Sometimes the simplest things are hardest to work out. Let’s say I have a DataFrame created from a parquet file which can have nullable columns that are of a certain type - in this example that is Int. The reason I chose Int particularly is that it is not a trivial case i.e. it doesn’t accept nulls as values. The problem that arises is that the DataFrame can have IntegerType specified for the schema and still contain nulls. I need to think of something that reflects the fact that I’m getting Int and null in the same type or else I will get a runtime exception for wrong input type. Tackling this is the goal of this post. On a side note - String is trivial since it works with nulls - no need for magic there.

The first solution to the problem is hideous.
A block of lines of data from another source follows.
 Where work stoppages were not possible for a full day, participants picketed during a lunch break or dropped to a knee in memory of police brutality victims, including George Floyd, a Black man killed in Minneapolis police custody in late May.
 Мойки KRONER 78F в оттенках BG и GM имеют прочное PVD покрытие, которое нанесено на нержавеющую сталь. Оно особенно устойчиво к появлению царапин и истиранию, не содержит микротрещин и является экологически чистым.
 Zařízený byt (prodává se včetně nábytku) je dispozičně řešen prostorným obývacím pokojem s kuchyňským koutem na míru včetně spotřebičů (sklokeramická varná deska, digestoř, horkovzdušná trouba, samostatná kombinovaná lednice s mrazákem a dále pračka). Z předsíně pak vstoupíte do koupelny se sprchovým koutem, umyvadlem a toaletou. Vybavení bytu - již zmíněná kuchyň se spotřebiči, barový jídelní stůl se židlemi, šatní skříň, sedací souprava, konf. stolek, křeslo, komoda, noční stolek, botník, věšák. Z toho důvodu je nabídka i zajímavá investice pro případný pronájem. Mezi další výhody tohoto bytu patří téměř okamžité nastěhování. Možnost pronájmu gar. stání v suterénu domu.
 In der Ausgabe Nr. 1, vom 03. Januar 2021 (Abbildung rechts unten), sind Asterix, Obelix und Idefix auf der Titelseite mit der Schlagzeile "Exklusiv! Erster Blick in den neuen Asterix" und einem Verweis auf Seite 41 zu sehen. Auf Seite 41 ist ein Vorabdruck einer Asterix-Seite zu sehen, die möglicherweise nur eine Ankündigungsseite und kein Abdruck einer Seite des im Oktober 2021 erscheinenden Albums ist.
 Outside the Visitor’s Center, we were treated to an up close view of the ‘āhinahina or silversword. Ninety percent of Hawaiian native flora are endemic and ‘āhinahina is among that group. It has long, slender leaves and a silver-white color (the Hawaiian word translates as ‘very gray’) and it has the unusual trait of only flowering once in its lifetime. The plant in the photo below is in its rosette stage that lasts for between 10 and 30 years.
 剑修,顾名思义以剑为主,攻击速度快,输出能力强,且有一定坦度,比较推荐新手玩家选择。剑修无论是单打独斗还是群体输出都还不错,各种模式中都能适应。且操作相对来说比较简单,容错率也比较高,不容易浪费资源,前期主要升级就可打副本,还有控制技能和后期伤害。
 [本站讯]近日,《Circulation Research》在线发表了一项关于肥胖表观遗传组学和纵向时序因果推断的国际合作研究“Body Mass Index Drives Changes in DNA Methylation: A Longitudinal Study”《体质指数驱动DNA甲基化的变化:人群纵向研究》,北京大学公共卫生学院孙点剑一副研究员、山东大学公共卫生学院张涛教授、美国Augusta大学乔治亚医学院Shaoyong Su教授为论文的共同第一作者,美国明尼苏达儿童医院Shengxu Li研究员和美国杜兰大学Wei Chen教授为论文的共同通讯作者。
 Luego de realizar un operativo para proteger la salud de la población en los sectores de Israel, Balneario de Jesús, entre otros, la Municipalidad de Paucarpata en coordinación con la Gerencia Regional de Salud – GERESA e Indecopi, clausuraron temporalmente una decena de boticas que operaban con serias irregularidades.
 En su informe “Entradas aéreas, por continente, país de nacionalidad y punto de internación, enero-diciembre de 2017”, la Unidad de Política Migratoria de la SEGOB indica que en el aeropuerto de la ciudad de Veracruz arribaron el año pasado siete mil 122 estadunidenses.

I don’t like it but it works. I know that the following could be done with an implicit, but I don’t like them since they are hard to trace in a bigger code base.

The first step is to set the input of the UDF to be Any.
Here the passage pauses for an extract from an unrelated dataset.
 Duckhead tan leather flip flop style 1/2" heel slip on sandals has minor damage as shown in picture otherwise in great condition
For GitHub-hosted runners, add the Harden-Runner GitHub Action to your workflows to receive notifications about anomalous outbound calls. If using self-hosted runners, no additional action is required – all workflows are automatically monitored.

def foo: (Any => Int) = (a: Any) => toInt(a) / 100000

val toFoo = udf(foo)

After that the most important thing happens in the toInt function. Since I have a val of type Any that may contain a null, I wrap that in an Option. After that I proceed to set a default value. Since I’m specifying Int and Any as types, the compiler will try and resolve the first common type in the type tree - that is Any - I need to cast the result to Int.
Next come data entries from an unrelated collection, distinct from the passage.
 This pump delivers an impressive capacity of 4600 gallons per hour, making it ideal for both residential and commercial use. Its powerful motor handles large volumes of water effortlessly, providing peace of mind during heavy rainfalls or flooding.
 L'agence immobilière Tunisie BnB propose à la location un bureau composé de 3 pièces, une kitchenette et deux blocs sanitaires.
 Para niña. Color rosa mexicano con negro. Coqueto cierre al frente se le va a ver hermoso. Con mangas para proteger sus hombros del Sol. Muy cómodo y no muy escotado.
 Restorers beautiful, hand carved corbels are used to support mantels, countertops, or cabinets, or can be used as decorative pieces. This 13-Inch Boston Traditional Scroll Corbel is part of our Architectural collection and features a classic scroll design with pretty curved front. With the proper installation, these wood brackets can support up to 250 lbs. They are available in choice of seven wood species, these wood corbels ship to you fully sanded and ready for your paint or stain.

def toInt(v: Any): Int = Option(v).getOrElse(0).asInstanceOf[Int]
val outDf = dfParquet
    .withColumn("foo_column", toFoo('a))
    .select("a","b","foo_column")
    .show()

Phew! As I said this is not bullet-proof. The reason is that I use Any, I’ve opened the door to all types so if I pass a String, let’s say, the asInstanceOf will fail during execution.

Luckily the solution is quite simple. Just use Java’s Integer boxed primitive. It is a perfect candidate for the case. This means no conversions from Any, no opening of Pandora’s Any box. If you need to make better sense of the null value you can leverage on the Option class.

def foo: (Integer => Option[Integer]) = (i: Integer) => Option(i).map(_ + 1)